Peter Barthel, astronoom en doorgewinterd PR-man, heeft ook veel inspiratie voor de opzet van Voetzoeker
geleverd. Zijn indeling in de WOW!-factor en de AHA!-factor – respectievelijk hoe blij je wordt als iets je
boeit en hoe blij je wordt als je opeens iets snapt – is op de volgende manier terug te vinden in Voetzoeker.
In Op zoek naar het antwoord is alle ruimte om de WOW!-factor van het behandelde wetenschapsgebied te
vergroten. Het enthousiasme van de onderzoeker werkt aanstekelijk en diens onderzoeksonderwerp kan een
hoop mysterie en magie met zich meebrengen. De AHA!-factor staat voorop in de andere twee onderdelen
van Voetzoeker – Opwaaiend stof en Knagende Vragen. De bedoeling is dat de kijker achterblijft met het
idee: “Aha, nu weet ik hoe het zit!”
3.
Relatie met colleges “Wetenschap op Radio en TV”

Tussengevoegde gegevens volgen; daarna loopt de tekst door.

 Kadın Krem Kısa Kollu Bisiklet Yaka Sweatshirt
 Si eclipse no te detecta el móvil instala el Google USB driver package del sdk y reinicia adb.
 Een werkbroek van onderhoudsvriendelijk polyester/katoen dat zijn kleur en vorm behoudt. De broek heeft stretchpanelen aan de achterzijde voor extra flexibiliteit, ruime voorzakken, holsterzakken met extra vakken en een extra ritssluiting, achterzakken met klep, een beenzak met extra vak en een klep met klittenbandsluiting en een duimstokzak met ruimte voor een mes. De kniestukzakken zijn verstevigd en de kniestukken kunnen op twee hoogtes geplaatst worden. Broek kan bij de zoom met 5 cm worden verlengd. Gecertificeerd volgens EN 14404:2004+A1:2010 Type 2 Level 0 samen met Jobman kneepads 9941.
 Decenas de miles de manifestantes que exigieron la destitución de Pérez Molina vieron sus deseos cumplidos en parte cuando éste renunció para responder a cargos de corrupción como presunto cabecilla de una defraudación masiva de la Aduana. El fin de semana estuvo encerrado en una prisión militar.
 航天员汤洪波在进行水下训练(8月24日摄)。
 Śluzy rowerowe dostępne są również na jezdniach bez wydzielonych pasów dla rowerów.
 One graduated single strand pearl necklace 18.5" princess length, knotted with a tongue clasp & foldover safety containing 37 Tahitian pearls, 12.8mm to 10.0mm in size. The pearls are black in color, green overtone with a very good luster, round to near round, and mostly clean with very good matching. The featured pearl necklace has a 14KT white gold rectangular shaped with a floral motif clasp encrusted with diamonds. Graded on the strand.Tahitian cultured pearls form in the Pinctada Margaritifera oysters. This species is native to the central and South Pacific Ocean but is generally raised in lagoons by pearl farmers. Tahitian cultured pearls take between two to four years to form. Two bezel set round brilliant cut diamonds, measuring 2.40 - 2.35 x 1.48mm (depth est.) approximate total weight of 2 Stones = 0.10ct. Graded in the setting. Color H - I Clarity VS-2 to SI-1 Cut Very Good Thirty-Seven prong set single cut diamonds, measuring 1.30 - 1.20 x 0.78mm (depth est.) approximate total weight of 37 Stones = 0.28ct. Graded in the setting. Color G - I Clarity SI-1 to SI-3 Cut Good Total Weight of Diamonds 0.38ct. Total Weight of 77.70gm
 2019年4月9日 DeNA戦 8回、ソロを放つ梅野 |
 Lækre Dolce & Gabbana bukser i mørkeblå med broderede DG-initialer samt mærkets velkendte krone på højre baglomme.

De opzet van het programma is ook gebaseerd op de colleges van Jacqueline de Vree, op de volgende
manier:
 Emotie!!! Uit de fragmenten die Jacqueline liet zien, bleek dat emotie de factor is die je het meest aan
de buis gekluisterd houdt. Toen het college al bijna afgelopen was, keken we naar een aflevering van
de BBC-serie Horizon, waarin de man die de laatste stelling van Fermat had bewezen, werd
geportretteerd. Toen hij vertelde over het moment dat hij het bewijs rond had, barste hij simpelweg in
huilen uit. Mijn medestudenten en ik waren helemaal opgeslokt door het verhaal en hebben de hele
aflevering uitgekeken, ook al was het college eigenlijk allang voorbij. Achteraf herinner ik me de
emoties het sterkst, maar ook inhoudelijk is mij nog wel iets bijgebleven.

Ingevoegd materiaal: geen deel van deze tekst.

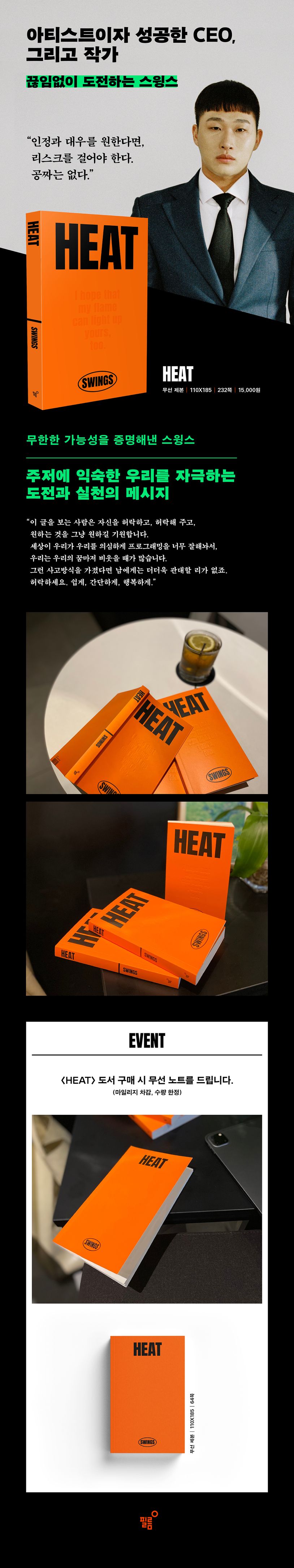 늘 자신의 이슈를 도전과 당당함으로 증명해 온 스윙스는, 『HEAT』를 통해 다시금 그의 존재감을 보여주고자 한다. 『HEAT』는 30대가 넘어서면서 좀 더 성숙하고 단단해진 내면을 과감하고 솔직한 그만의 스타일로 담아낸 에세이다. 마치 직접 그와 함께 대화를 나누는 듯한 느낌이 들 정도로 문장마다 그의 플로우가 고스란히 느껴져, 이야기에 몰입하게 만든다.
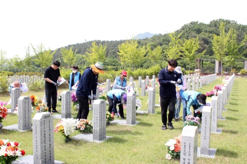 이미지 확대보기이날 대전자생한방병원 임직원 및 대전자생봉사단 20여 명은 장병 제3묘역에 모여 순국선열과 호국영령들의 희생을 기리는 묵염으로 봉사활동을 시작했다. 이후 묘역 주변 잡초와 쓰레기 제거를 비롯해 1200여 개의 태극기를 꽂으며 호국보훈의 의미를 되새겼다.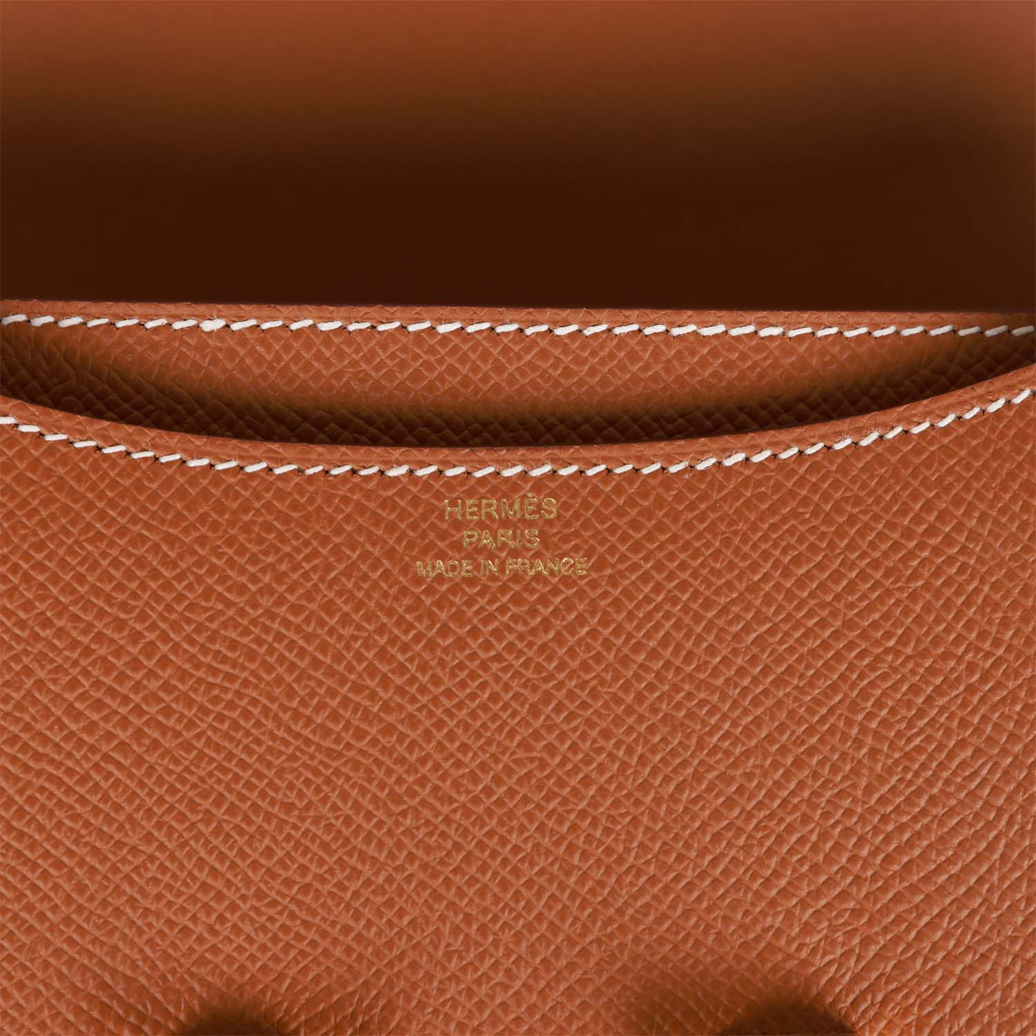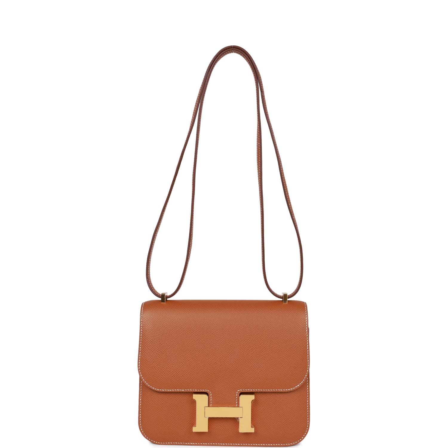 This Constance is in Gold epsom leather with gold hardware and has contrast stitching, a metal "H" snap lock closure and adjustable shoulder strap.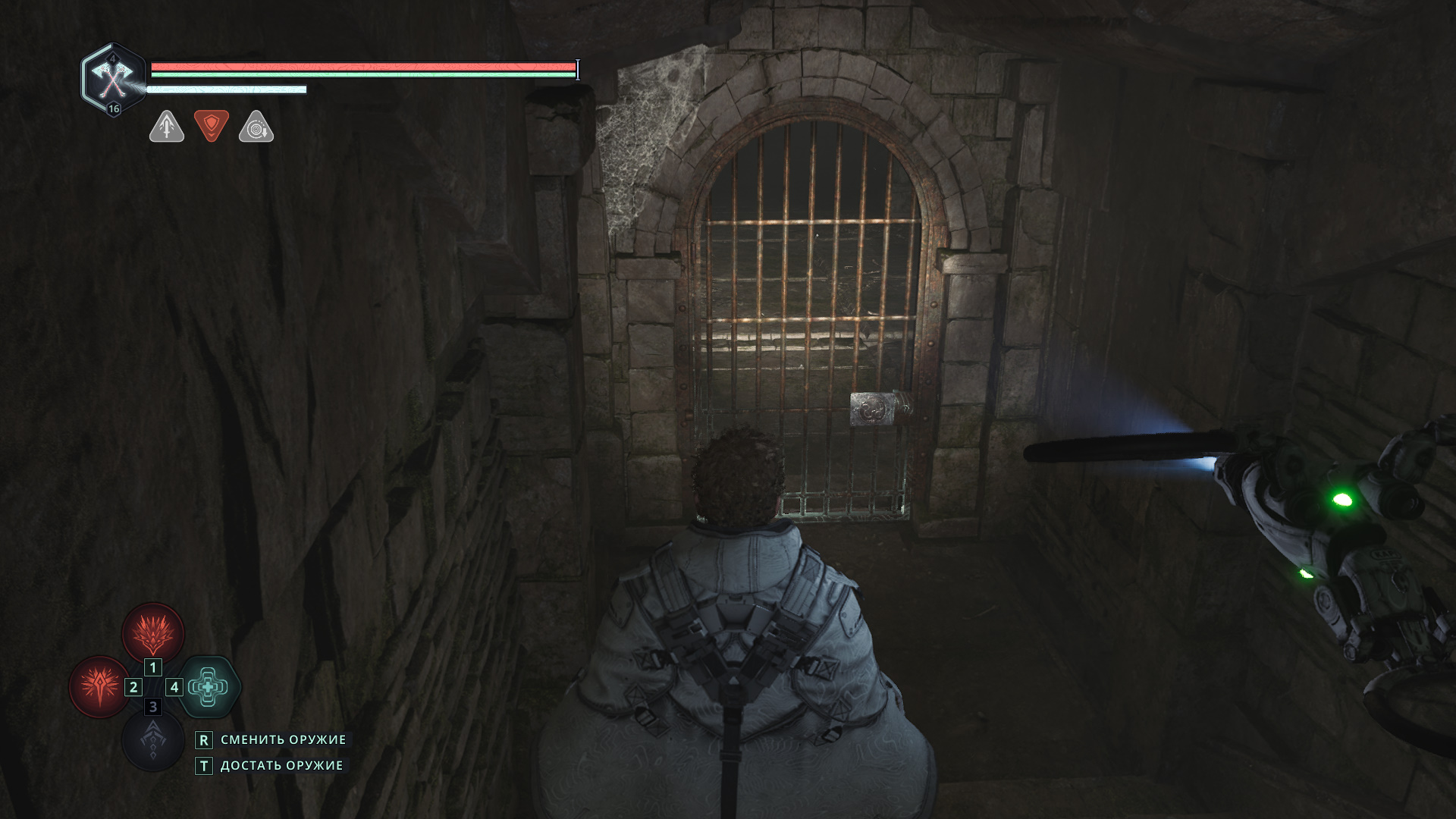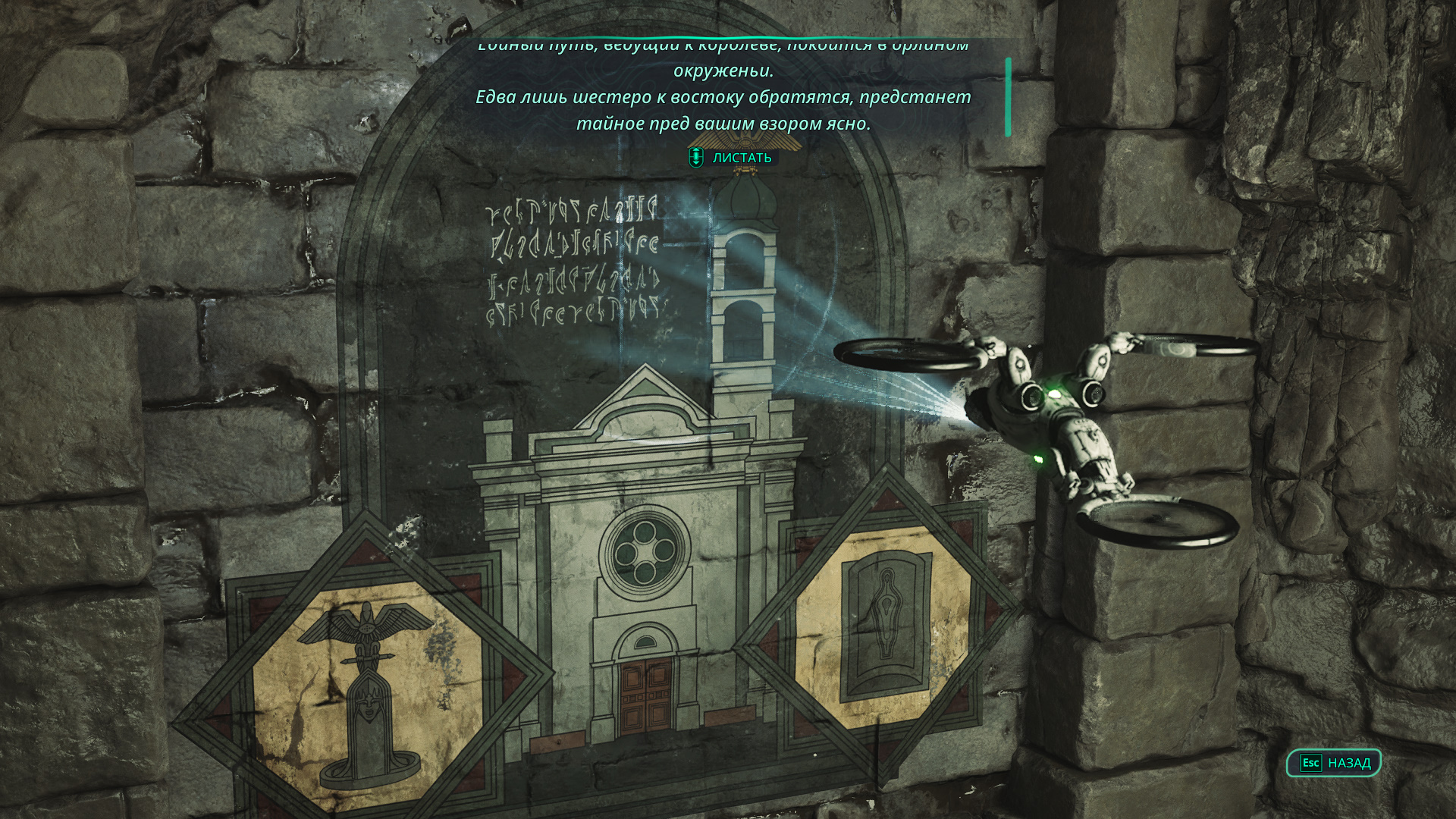 Вы же пойдите вправо и спуститесь по выступам к месту, где встретили настоятеля Браманте и солдат. Окажетесь за решеткой, которая открывается с этой стороны, около антенны. Примените ключ от антенны и потяните за рычаг, чтобы отключить радиосообщения и совершить благое дело.

 Er moet iets te zien zijn. Jacqueline liet ons voorbeelden zien van goede en niet zulke geslaagde
pogingen de wetenschap in beeld te brengen. Het is niet: mannetje in beeld en praten maar (behalve
dan bij Wim Kayzer, maar dat is een geval apart). Het visuele kanaal laat namelijk bij mensen een veel
sterkere indruk achter dan het auditieve. In Voetzoeker probeer ik na te streven wat Jacqueline ons
leerde: of het onderwerp is leent zich al enorm voor mooie beelden – bijvoorbeeld de Noorderlichtaflevering Loflied op de micrometer – of je moet creatief zijn en op zoek gaan naar mooie beelden.
Jacqueline deed dat door een Britse natuurkundige die beweerde dat tijd niet bestaat mee te nemen naar
het Christiaan Huygenshuis en het Boerhavemuseum.